Linked Data and CM-Well's Advanced Read/Write Features

These are the standard rules that a Linked Data repository should comply with:

  • Use Uniform Resource Identifiers (URIs) to identify things.
  • URIs should be accessible via HTTP, so that the objects they refer to can be looked up by people and software agents.
  • Provide useful information about the dereferenced entity, using standard formats such as RDF, XML and N3.
  • In the dereferenced entity's information, include links to other related URIs to enable discovery of other relevant information on the Web.

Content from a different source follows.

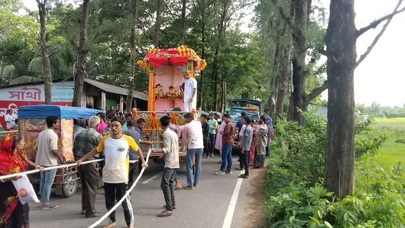প্রত্যক্ষদর্শীরা জানান, রথযাত্রা চলাকালে রথের উপরের একটি অংশ পাকা রাস্তায় ঝুলে থাকা বিদ্যুতের তারের সংস্পর্শে আসে। এতে রথে এবং পাশে থাকা অন্তত সাত থেকে আটজন বিদ্যুৎস্পৃষ্ট হয়ে আহত হন। এ সময় উপস্থিতদের মধ্যে আতঙ্ক ছড়িয়ে পড়ে।
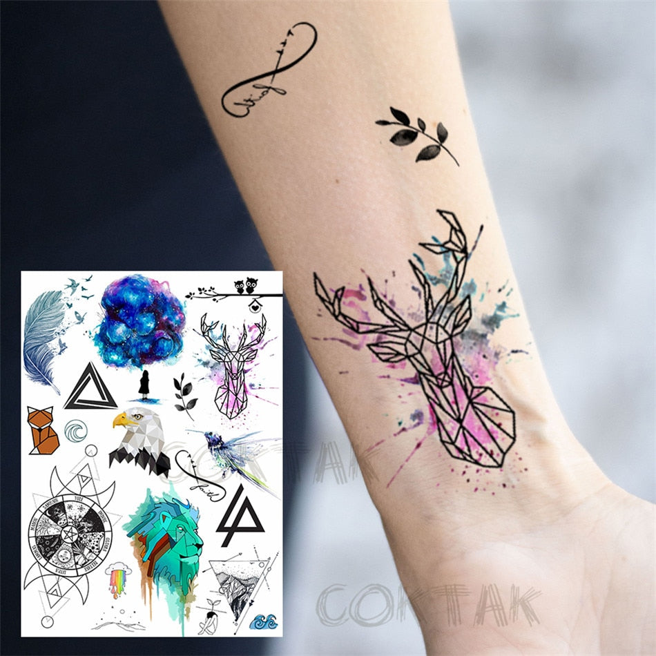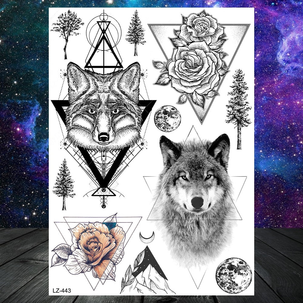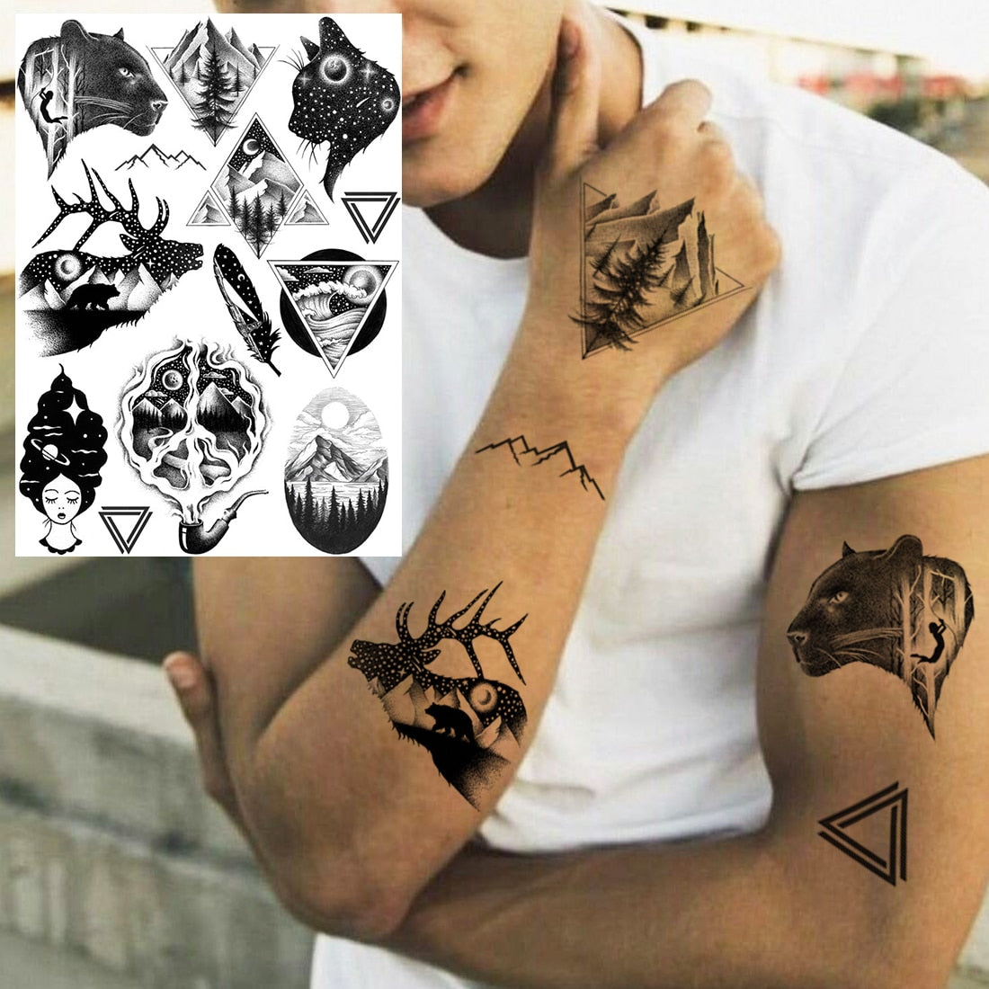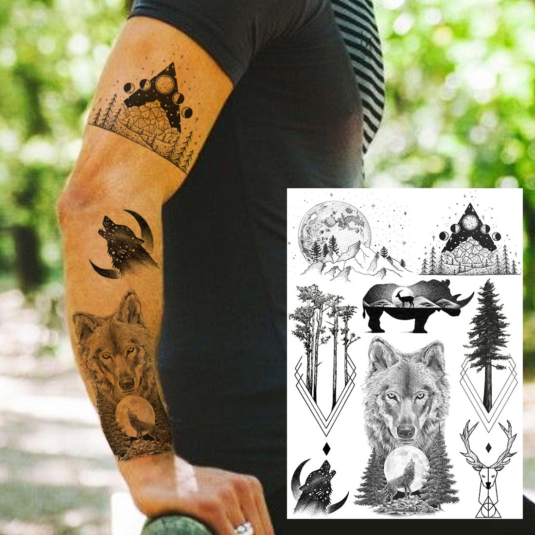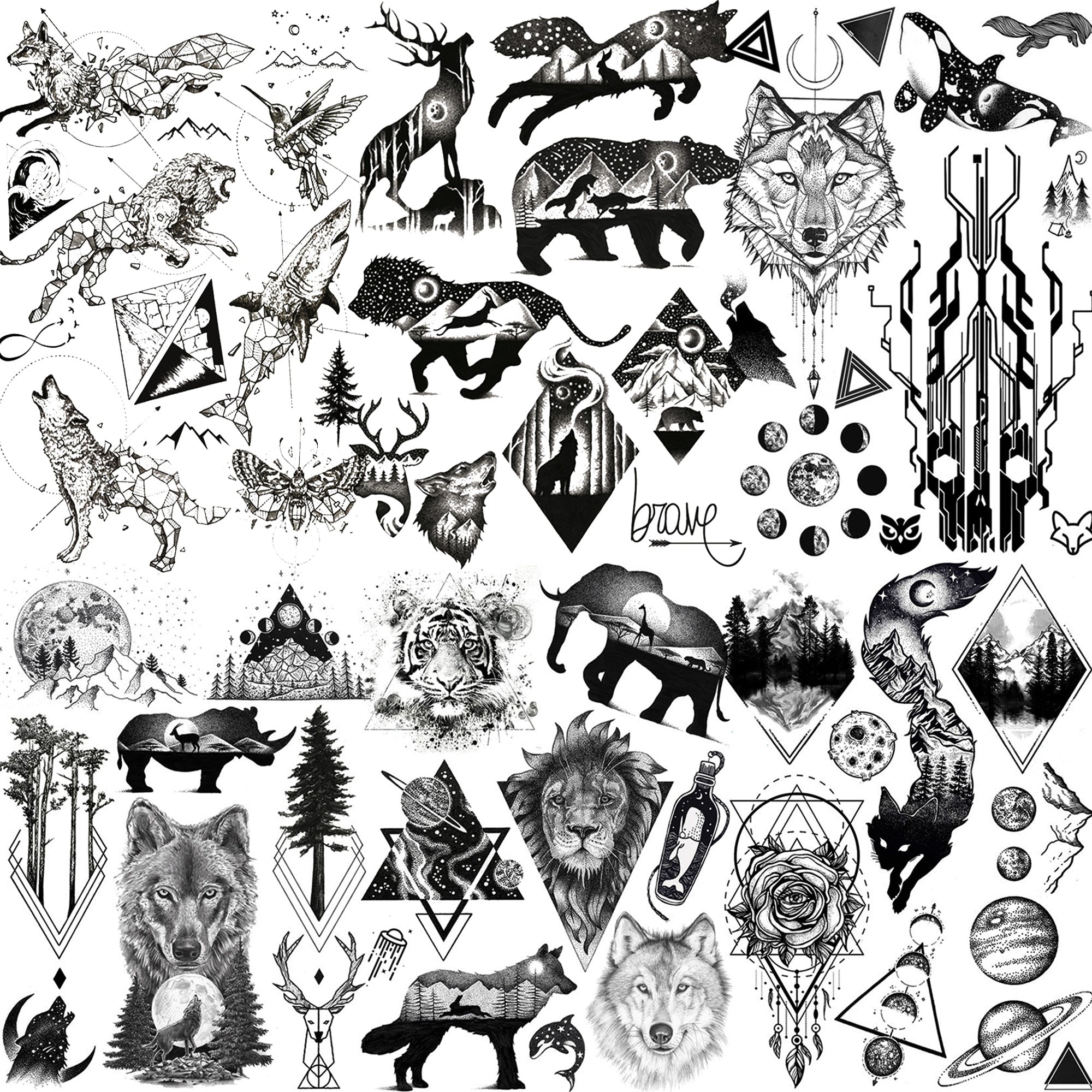 Realistic Fake Black Animal Temporary Tattoos Sticker For Men Women Geometric Wolf Outer Space Tatoo Temporary Decal For Kids

CM-Well complies with all these rules, but is also built for global interoperability (as opposed to using a proprietary database schema). CM-Well entities can point to other Linked Data entities, hosted either on CM-Well or on any other global repository.

In addition to allowing you to read entities, CM-Well's API also allows you to:

  • Update existing entities
  • Create new entities
  • Search for entities by attribute values or relationships with other entities
  • Subscribe to and stream updates
  • Perform complex queries using the SPARQL language
  • Create materialized views of your data, using an automated SPARQL agent.

The following figure illustrates how CM-Well's architecture differs from traditional triple store architecture.

image

Big Data

Traditional Linked Data repositories are often read-oriented, as they typically contain relatively static data. In contrast, CM-Well is intended to maintain a large, constantly growing and changing dataset – in other words, a Big Data repository.

Big Data sets are so large or complex that traditional data processing applications have a hard time handling them. They pose challenges related to many aspects of data processing, including capture, storage, transfer, sharing, curation, search, query, analysis, visualization and scaling.

CM-Well is designed to handle Big Data challenges. CM-Well's features include:

  • Platform architecture that allows seamless addition of nodes as needed
  • Big Data algorithms applied to storage and search features

  • Big Data Analytics layer (Spark, Hadoop)

Web Oriented Architecture (WOA)

Web Oriented Architecture (WOA) is a fundamental principle of CM-Well design. WOA is specific type of Service Oriented Architecture (SOA) that integrates systems and users via globally linked hypermedia, based on web architecture. WOA uses a core set of web protocols including HTTP, XML, RDF and the REST API.

However, in contrast with standard WOA that only consists of REST services with proprietary JSON-formatted messages, CM-Well principles dictate that the content "flowing" in and out of its services is Linked Data, in standard formats such as RDF, N3 and Turtle. In addition, CM-Well services use a shared information model consisting of ontologies that define different knowledge domains.

In addition, CM-Well supports:

  • PuSH (PubSubHubbub) subscription
  • Namespaces from external ontologies
  • Linear scalability
  • Representing Linked Data concepts and information objects using a RESTful API, with Web semantics

image